The reader should remember, throughout the reading of the poem, that the raven answers always with the same word; it is the speaker who must frame the questions so that the bird’s response appears to be significant and appears, it might be added, to reinforce the speaker’s own preconceptions about the what, if anything, follows death. Only in the speaker’s mind is the raven The Raven, because it is he who poses questions to which “nevermore” may be regarded as being a significant response. As the speaker himself confesses, it is he who ponders possible meanings for the bird’s “croaking ‘Nevermore’”:

. . . Straight I wheeled a cushioned seat in front of bird, and bust and door;
Then, upon the velvet sinking, I betook myself to linking
Fancy unto fancy, thinking what this ominous bird of yore--
What this grim, ungainly, ghastly, gaunt, and ominous bird of yore
meant in croaking "Nevermore."

The speaker, at first, cannot discern whether the raven is sent from God or from the devil, whether it is a messenger from heaven or from hell. When he asks it whether there is “balm in Gilead,” or a salve that is capable of healing his anguished grief at Lenore’s death, the raven replies, not surprisingly to the reader, “Nevermore,” whereupon, not liking this answer, the speaker believes the raven must be a bird from hell, although one that is able to discern the future, and he asks--almost begs to know--whether he shall ever hold Lenore in his embrace again, whether, in short, there is a life after death, during which he and his beloved may be reunited:

"Prophet!" said I, "thing of evil! - prophet still, if bird or devil!
By that Heaven that bends above us - by that God we both adore --
Tell this soul with sorrow laden if, within the distant Aidenn,
It shall clasp a sainted maiden whom the angels name Lenore --
Clasp a rare and radiant maiden whom the angels name Lenore."
Quoth the Raven "Nevermore."
Outraged at this reply (which he contrived to be the answer by the way that he formulated his question), the speaker orders the raven from his chamber, but the bird ignores his command, remaining on his perch above the door:

And the Raven, never flitting, still is sitting, still is sitting
On the pallid bust of Pallas just above my chamber door;
And his eyes have all the seeming of a demon's that is dreaming,
And the lamp-light o'er him streaming throws his shadow on the floor;
And my soul from out that shadow that lies floating on the floor
Shall be lifted--nevermore!
Now, the same bird that the speaker has characterized variously as merely an “ebony bird,” as an emissary from “the Night’s Plutonian shore,” as a messenger sent by God or the devil, and as a demonic prophet, now regards it as the very embodiment of wisdom, for it occupies (not, in the mind of the narrator, by sheer chance, the reader may assume) “the pallid bust of Pallas,” or Athena, the goddess of wisdom.

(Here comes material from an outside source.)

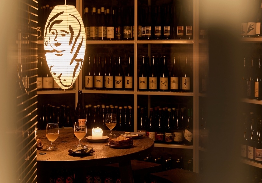 Up top, that glass-wrapped street-level space functions as a wine shop, with an ever-changing edit of bottles displayed across the counter and shelving. The selection is overseen by wine director Nathalie Nelles alongside general manager Fred Clelland, and promises progressive, low-intervention producers, with a particular focus on so-called “zero-zero” wines (bottles made without additives and with minimal interference from vineyard to cellar).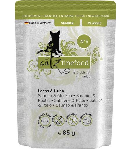 SENIOR qualité catz finefood habituelle avec un goût familier adapté aux besoins liés à l'âge des muselettes grises qui continuent à profiter de leur nourriture préférée sans s'y habituerAdapté à l'âge catz finefood Senior prend en compte les particularités des organes internes liés à l'âge et est parfaitement adapté aux besoins énergétiques et au métabolisme des chats âgésÉquilibré aliment complet pour chats âgés avec une teneur élevée en viande de plus de 91 % ¿ sert à la flore intestinale et à la digestion avec des fibres sur mesure, riche en acides gras essentielsApprovisionnement complet fournit des antioxydants pour protéger les cellules contre les radicaux libres, la L-carnitine pour soutenir le métabolisme des graisses et les vitamines C et E, ainsi que la provitamine bêta-carotène pour le système immunitaireContenu de la livraison 16 boîtes de 85 g de nourriture humide catz finefood Classic SENIOR N°05 de qualité supérieure au saumon et au poulet pour des nez de fourrure vivants et heureux ¿ jusqu'à l'âge avancé.La livraison depuis la France est prévue dans 5 jours ouvrés, n'hésitez pas à passer votre commande ...

Here, we take our leave of the speaker, leaving him obsessed with the idea that, in having (apparently subconsciously) answered his own questions about the likelihood of his attaining “surcease of sorrow” by being reunited with his “lost Lenore,“ he has determined, just as he had believed all along, that there is no existence beyond death, and that the proper attitude to take concerning the belief in the survival of death is a despairing disbelief. His “lost Lenore” was lost even before the raven appeared to him, to reinforce his beliefs that death is the end of life and that there is no hope in an existence beyond the grave.